A China representa 19% do PIB global, mas responde por 32% da produção industrial mundial. O desequilíbrio, cujas implicações contribuíram para a ascensão de Trump, não é sustentável. No fim do percurso, o triunfo chinês na guerra tarifária depende da "normalização" de sua economia.
O modelo exportador da China ancora-se no excesso de poupança doméstica –ou, dito de outro modo, num consumo interno reprimido. O segredo repousa no sistema político totalitário, que mantém baixos salários, veta políticas de bem-estar social e recusa-se a erguer um sistema decente de seguridade social.

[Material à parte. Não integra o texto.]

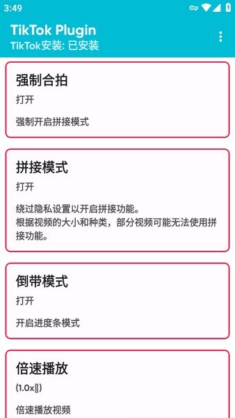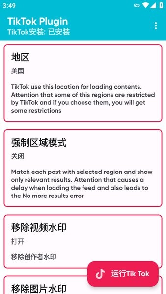 tiktok plugin插件(换区插件)app中文版是专为tiktok国际版抖音打造的换区器,相当于辅助工具吧!当然,软件是功能不仅仅只有切换国家地区,还提供了去水印、去广告、屏蔽直播等功能,是玩转tiktok的必备神器!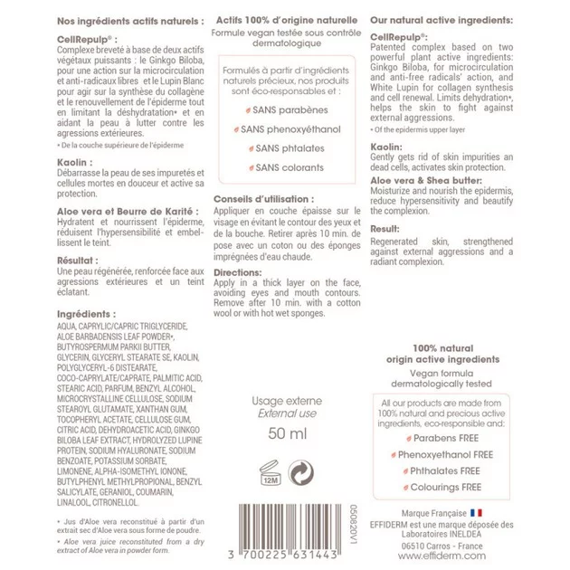 Действие: стимулирует процесс регенерации кожи. Каолин мягко очищает кожу от загрязнений и отмерших клеток, а также активирует защитные функции. Алоэ вера и масло ши увлажняют и питают эпидермис, для снижения гиперчувствительности и сухости кожи, а также придают лицу здоровый цвет. Комплекс CellRepulp активизирует регенерацию эпидермиса и усиливает защиту от внешних агрессий. Проблемная, чувствительная и подверженная реакциям кожа приобретает комфорт и свежесть. Для любого типа кожи.

Desde o ingresso chinês na OMC, em 2001, à base de uma intrincada rede de subsídios estatais, o modelo propiciou a expansão da indústria em saltos tecnológicos sucessivos, até a produção de veículos elétricos, painéis solares, baterias e softwares de IA. Os bens chineses inundaram o mercado mundial, eliminando competidores, devastando antigas regiões industriais e, nesse passo, deslocando os sistemas políticos nacionais.
A reação dos EUA começou com as tarifas seletivas de Trump 1, que buscavam estimular a relocalização industrial nos EUA ou em países parceiros. Prosseguiu com Biden, que deflagrou políticas industriais eficazes de subsídio a setores estratégicos (semicondutores, veículos elétricos, aeroespacial) e fracassou na tentativa de sancionar empresas de ponta chinesas, algo ilustrado pela Huawei e pelo Deep Seek. Trump 2, contudo, jogou o tabuleiro pela janela, apostando numa aventura mercantilista sem rumo.
Trump tinha a possibilidade de radicalizar as políticas seguidas por Biden. Nessa linha, em coordenação com os aliados na Europa e Ásia, iniciaria uma escalada tarifária coletiva e gradual sobre a China, ao longo de um horizonte plurianual. A pressão sustentaria negociações baseadas na exigência de redução dos subsídios industriais chineses e, imitando as práticas do rival, obter o deslocamento de unidades produtivas da China para os EUA em joint ventures com empresas nacionais.
O objetivo seria alcançar um reequilíbrio da economia mundial, não edificar uma muralha protecionista em torno dos EUA. Trump, porém, enxerga o comércio como um jogo de soma zero orientado pela busca obsessiva de superávits. Partindo dessa superstição ideológica, resolveu declarar uma guerra tarifária contra o mundo.
Xi Jinping desenhou seu caminho. A China exibe-se como campeã do livre intercâmbio e das regras comerciais multilaterais. Enquanto aplica retaliações aos EUA, promete abrir seu mercado interno e controlar os preços de suas exportações, evitando uma inundação global de produtos excedentes. De olho na Europa, os chineses exploram as oportunidades criadas pela investida de Trump contra a União Europeia.
O sucesso da estratégia depende de uma revisão estrutural do modelo econômico chinês, com a absorção do excedente de bens industriais pelo mercado interno. No cenário da guerra tarifária, dramatizado pelo envelhecimento demográfico, a China precisa transformar poupança doméstica em consumo, o que demanda reformas sociais profundas.
A China de amanhã não será a "fábrica do mundo", mas uma economia industrial normal. A mutação inevitável foi acelerada por Trump. Ironicamente, o custo principal do reequilíbrio recairá sobre os EUA.